MIT researchers are replicating peripheral vision—a human’s ability to detect objects outside their direct line of sight—in AI systems, which could enable these machines to more effectively identify imminent dangers or predict human behavior. By equipping machine learning models with an extensive image dataset to imitate peripheral vision, the team found these models were better at recognizing objects in the visual bounds. Despite measurable improvements, the AI systems still underperformed humans. Researchers also discovered that the size of objects and the degree of visual clutter in a scene did not significantly affect AI performance.
The research, published by lead author Anne Harrington MEng ’23 and co-author Vasha DuTell, may support the development of machine-learning models that more closely resemble human vision. The technology could make displays more accessible and easier to view, or could predict how humans will react—particularly useful in automotive settings, for instance.
To simulate peripheral vision, the researchers utilized a method known as the ‘texture tiling model’ which is used to model peripheral vision in humans. The technique transforms images to represent the decline in a human’s visual information. The researchers altered this model for flexibility, allowing for transformations in images without prior knowledge of where the viewer’s eyes are focused.
Using this modified technique, the researchers created a large dataset of transformed images that represent the loss of detail in a human’s peripheral vision. They then trained and tested multiple AI models on an object detection task.

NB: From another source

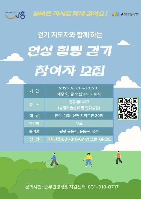 참여를 원하는 주민은 홍보물의 정보무늬(큐알코드)를 통해 신청하거나 중부건강생활지원센터로 전화해서 신청하면 된다. 참가자는 편안한 운동복과 운동화를 착용하면 된다.

The team found that training models from scratch with this dataset led to major improvement in object detection. Using the dataset to fine-tune an existing model for a new task resulted in smaller progress. However, the AI models were not as proficient as humans, particularly at detecting objects in the far periphery, indicating that the models may not be using context in the same way humans do. The researchers plan to further investigate these differences and continue working towards a model which can accurately predict human behavior in the visual periphery. The research was funded by the Toyota Research Institute and the MIT CSAIL METEOR Fellowship.